The tests seem to be passing with this change! :)

The source of the problem is in WeakTypeWrapper and I was able to solve it by defining setattr of WeakTypeWrapper after here as the following:

@kleblackford Curious, did you ever raise this fix as a PR? And if not, is that something you might be able to do? Would be awesome to see this land!
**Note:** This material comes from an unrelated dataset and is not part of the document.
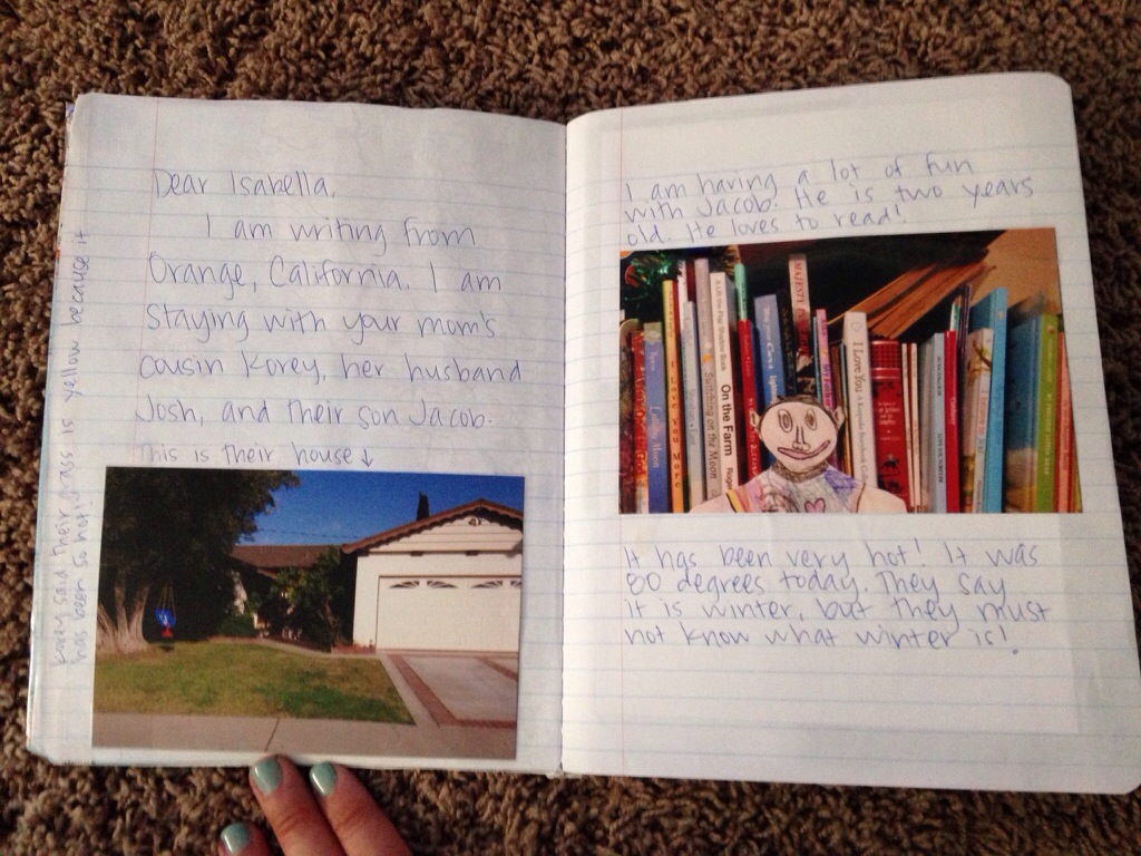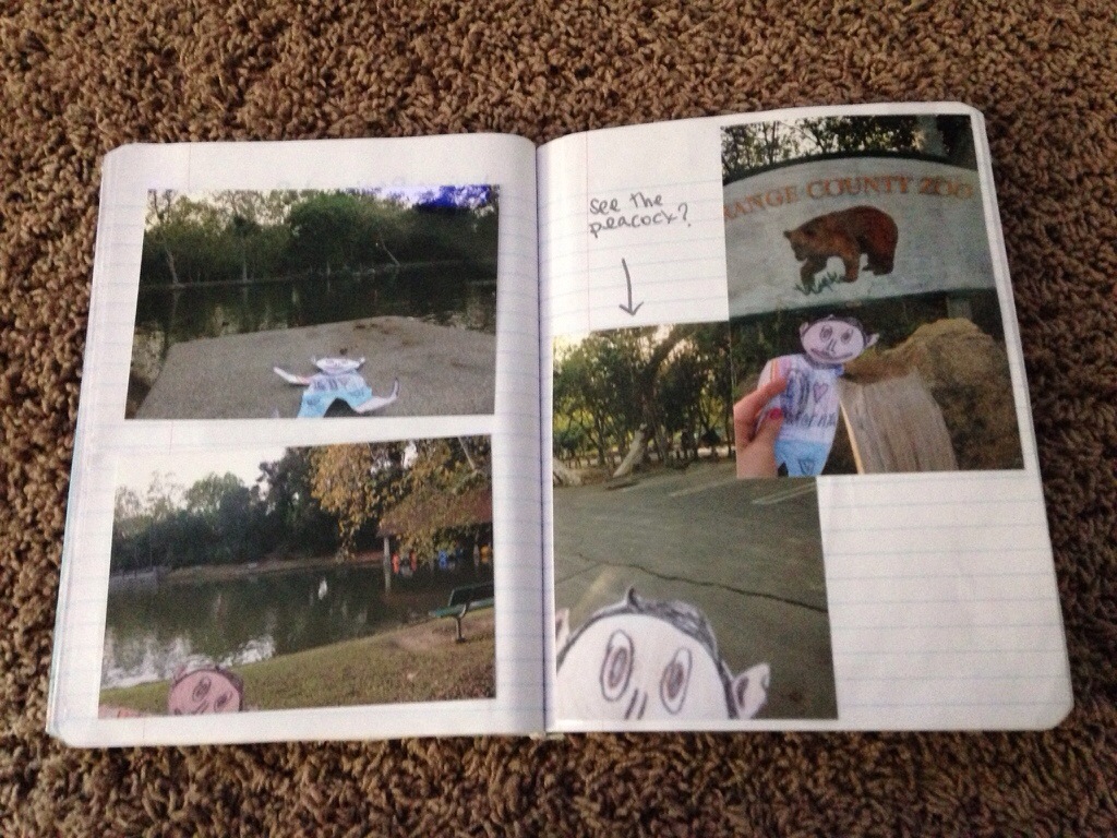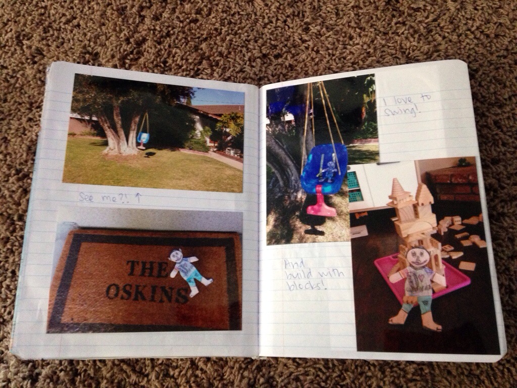 My cousin Jennie’s daughter sent me Flat Stanley, a project for her second-grade class. There is a book of the same name in which a boy is flattened under a bulletin board and then, because he is flat, sent all around the world in an envelope to explore it. I was really excited to “host” him! I went online and couldn’t find a lot of examples, so I’m going to post the whole book in hopes that it will help other Flay Stanley foster families. 🙂 I took him around with me for almost two months.

Back to the original issue...

The source of the problem is in WeakTypeWrapper and I was able to solve it by defining setattr of WeakTypeWrapper after here as the following:

def __setattr__(self, name, value):
    if name == "_wrapped":
        return super().__setattr__(name, value)
    wrapped = self._wrapped()
    if hasattr(wrapped, name):
        return setattr(wrapped, name, value)
    if hasattr(super(), "__setattr__"):
        return super().__setattr__(name, value)
    raise AttributeError("'{}' has no attribute '{}'".format(base_type.__name__, name))

The tests seem to be passing with this change! :)

Yeah, I fixed it with this. Never created a merge request with the changes though as I was working on a branch with some additional hacky fixes...

Yeah, I fixed it with this. Never created a merge request with the changes though

@kleblackford True true.. would you be open to separating them to a new branch and raising a merge request? Would be awesome to see the investigation/bugfix work you did get merged in for everyone's benefit!